Pincus Lit the Fuse on the Plamegate Bomb
Submitted by davidswanson on Tue, 2007-02-06 01:45. Criminal Prosecution
By Larry C. Johnson
Until the start of the Libby trial, most folks and chroniclers assumed that the Nick Kristof piece in May of 2003 spurred the White House to go after Joe and Valerie Wilson. But based on the timeline emerging from the Libby trial the real culprit is Walter Pincus, the legendary warhorse reporter at the Washington Post, whose work on an article that appeared on June 12, 2003 set in motion the events that eventually produced the "outing" of Valerie Plame, the wife of Ambassdor Joe Wilson and an undercover CIA officer.

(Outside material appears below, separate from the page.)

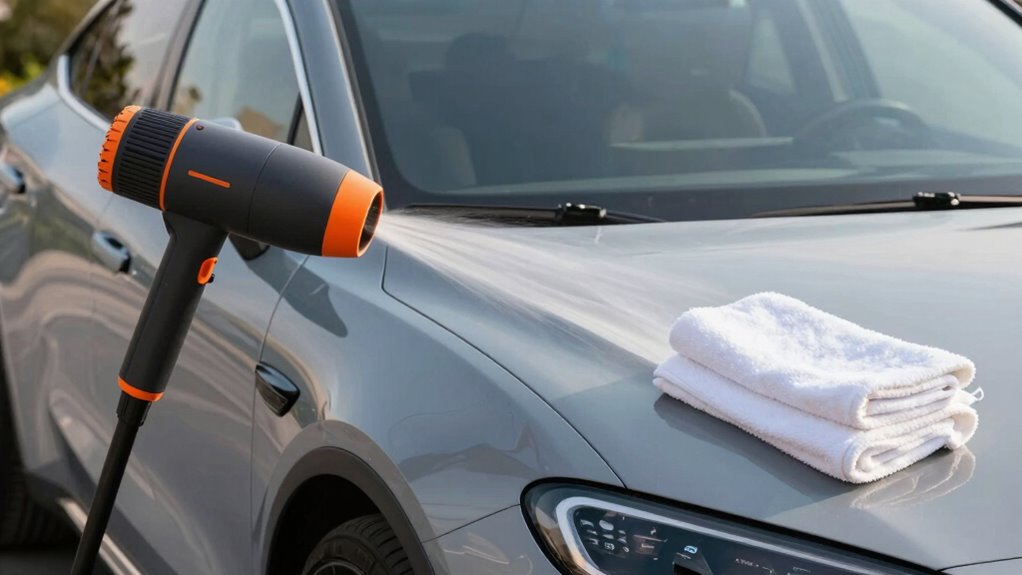 Air blowers can dry your car completely, but their efficiency depends on the blower’s power and design. They excel at removing most water quickly, reducing towel use. However, some residual moisture might remain in crevices or around intricate details. Using a soft, microfiber towel guarantees towel material safety and helps reach areas the blower might miss. Combining both methods provides a thorough, safe, and efficient drying process.
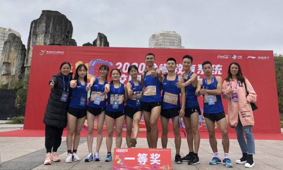 第一棒:申万酉2017级预防医学14分11秒/3.5km 第二棒:高东红2019级药学12分08秒/3.5km

The Nick Kristof piece was the first major shot across the bow of the Administration on its fabricated case for going to war, but did not generate the reaction that the Pincus piece garnered. Kristoff--whose piece only devoted two paragraphs to Joe Wilson's story--wrote:
I'm told by a person involved in the Niger caper that more than a year ago the vice president's office asked for an investigation of the uranium deal, so a former U.S. ambassador to Africa was dispatched to Niger. In February 2002, according to someone present at the meetings, that envoy reported to the C.I.A. and State Department that the information was unequivocally wrong and that the documents had been forged.
The envoy reported, for example, that a Niger minister whose signature was on one of the documents had in fact been out of office for more than a decade. In addition, the Niger mining program was structured so that the uranium diversion had been impossible. The envoy's debunking of the forgery was passed around the administration and seemed to be accepted — except that President Bush and the State Department kept citing it anyway. "It's disingenuous for the State Department people to say they were bamboozled because they knew about this for a year," one insider said.